* _The task_
Please transcribe the data exactly as shown, skipping the images.

* _Recorded information_
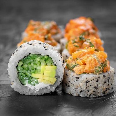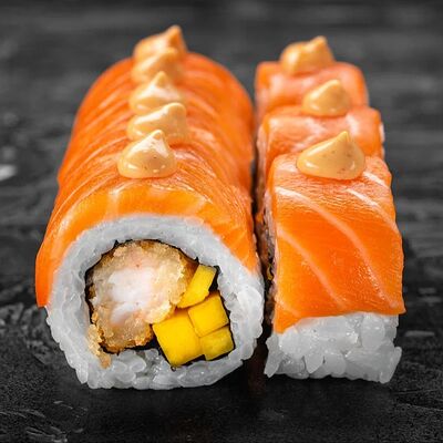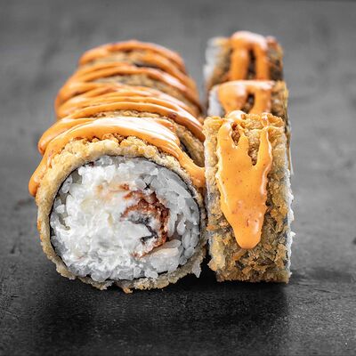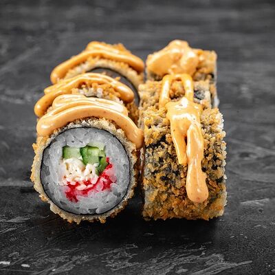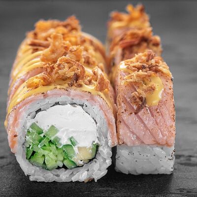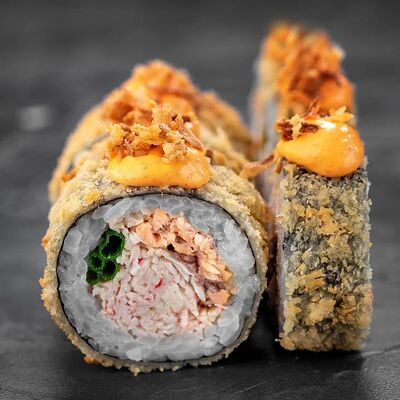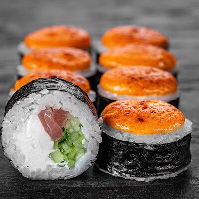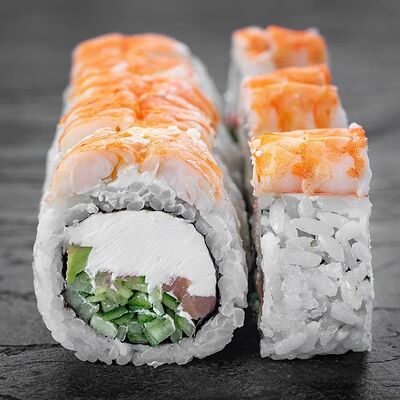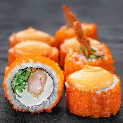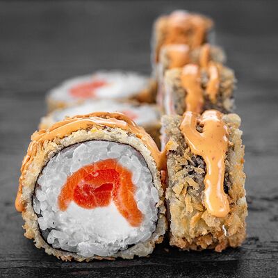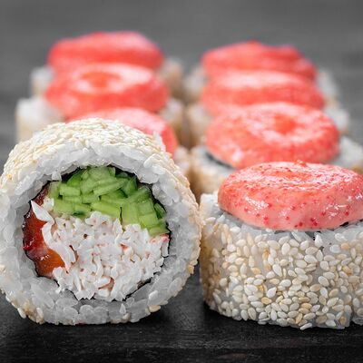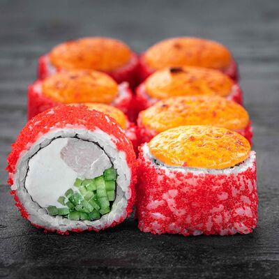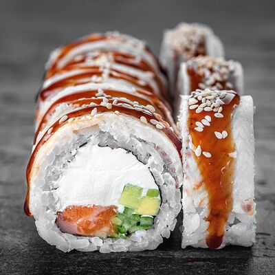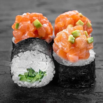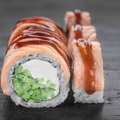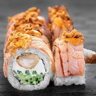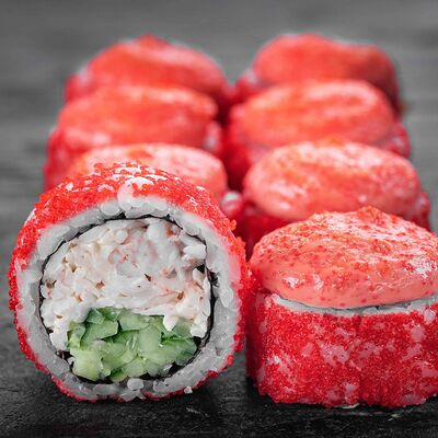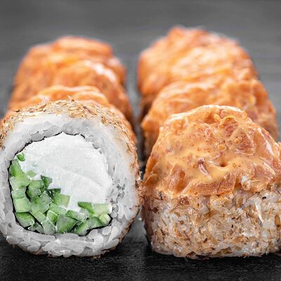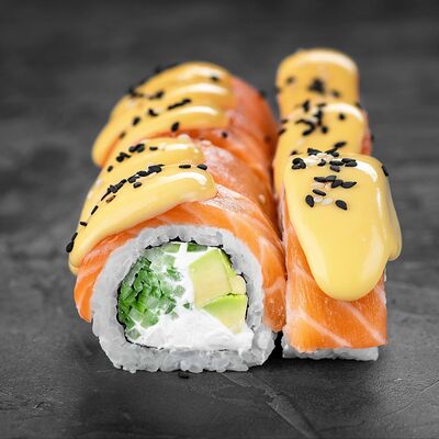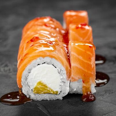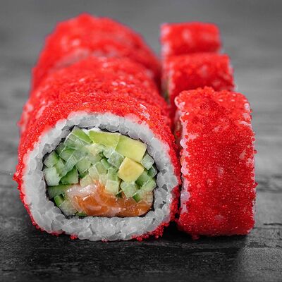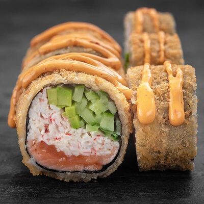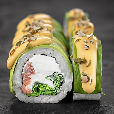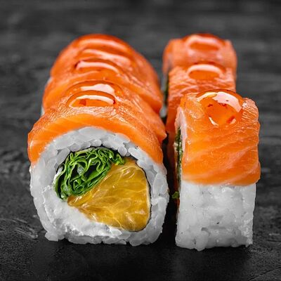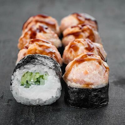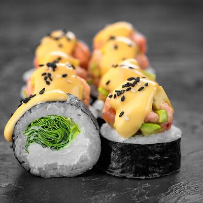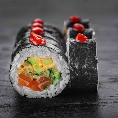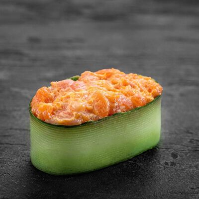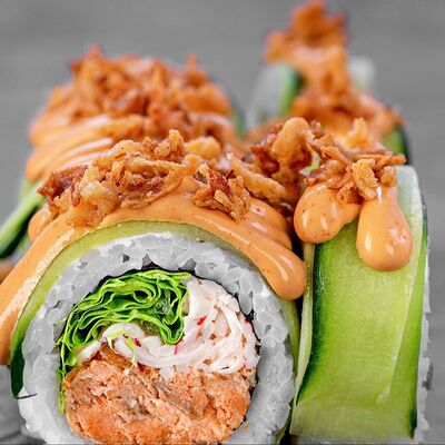 Нежный лосось в японском соусе спайси, хрустящий огурчик, авокадо и соус шрирача
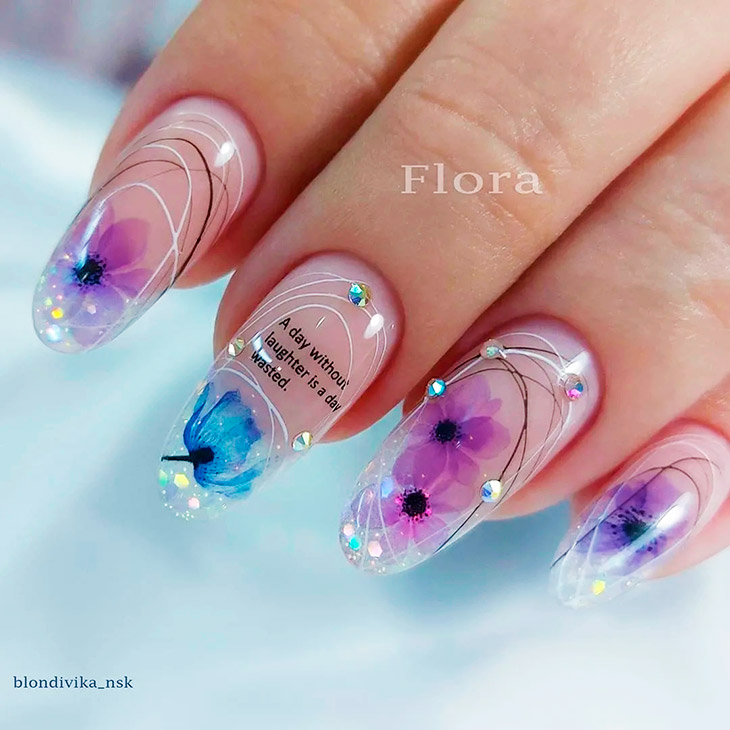 Для длинных ноготков мастера нейл арта весной рекомендуют мраморный дизайн, эффект кошачьего глаза, битое стекло и, конечно, рисунки — цветы, насекомые, птички, небо и др.
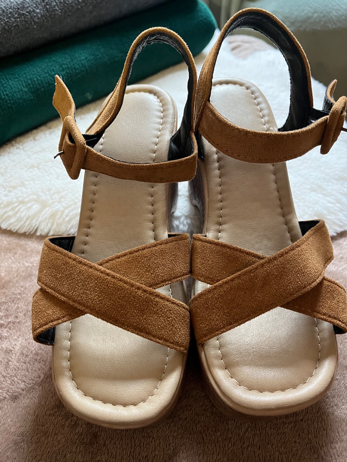 Úplne nové, nepoužívané. Výška opätku je 10,5cm, ale je tam aj platforma. Sú pohodlné. Pekná kombinácia farieb.
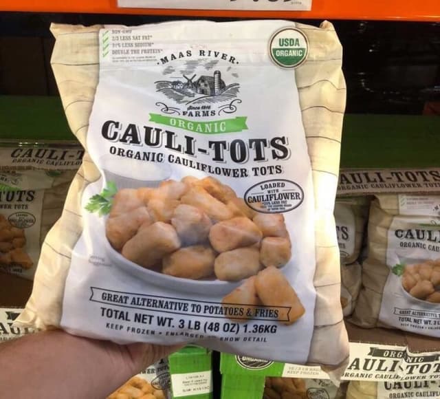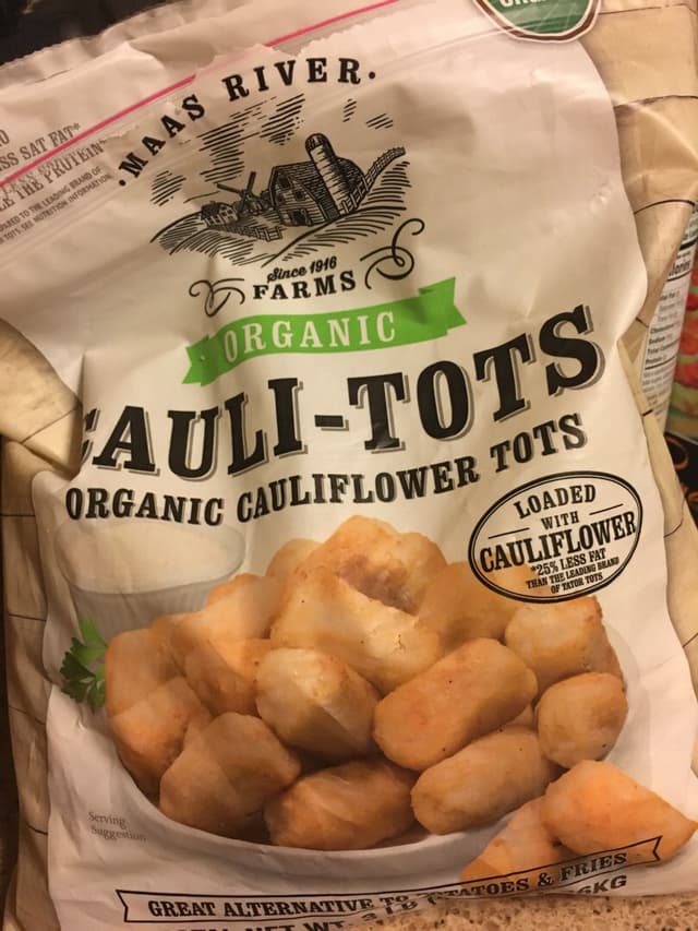 Organic Cauliflower tots (~potatoes and fries) - good source of protein

* _Output for this task_
 Нежный лосось в японском соусе спайси, хрустящий огурчик, авокадо и соус шрирача
 Для длинных ноготков мастера нейл арта весной рекомендуют мраморный дизайн, эффект кошачьего глаза, битое стекло и, конечно, рисунки — цветы, насекомые, птички, небо и др.
 Úplne nové, nepoužívané. Výška opätku je 10,5cm, ale je tam aj platforma. Sú pohodlné. Pekná kombinácia farieb.
 Organic Cauliflower tots (~potatoes and fries) - good source of protein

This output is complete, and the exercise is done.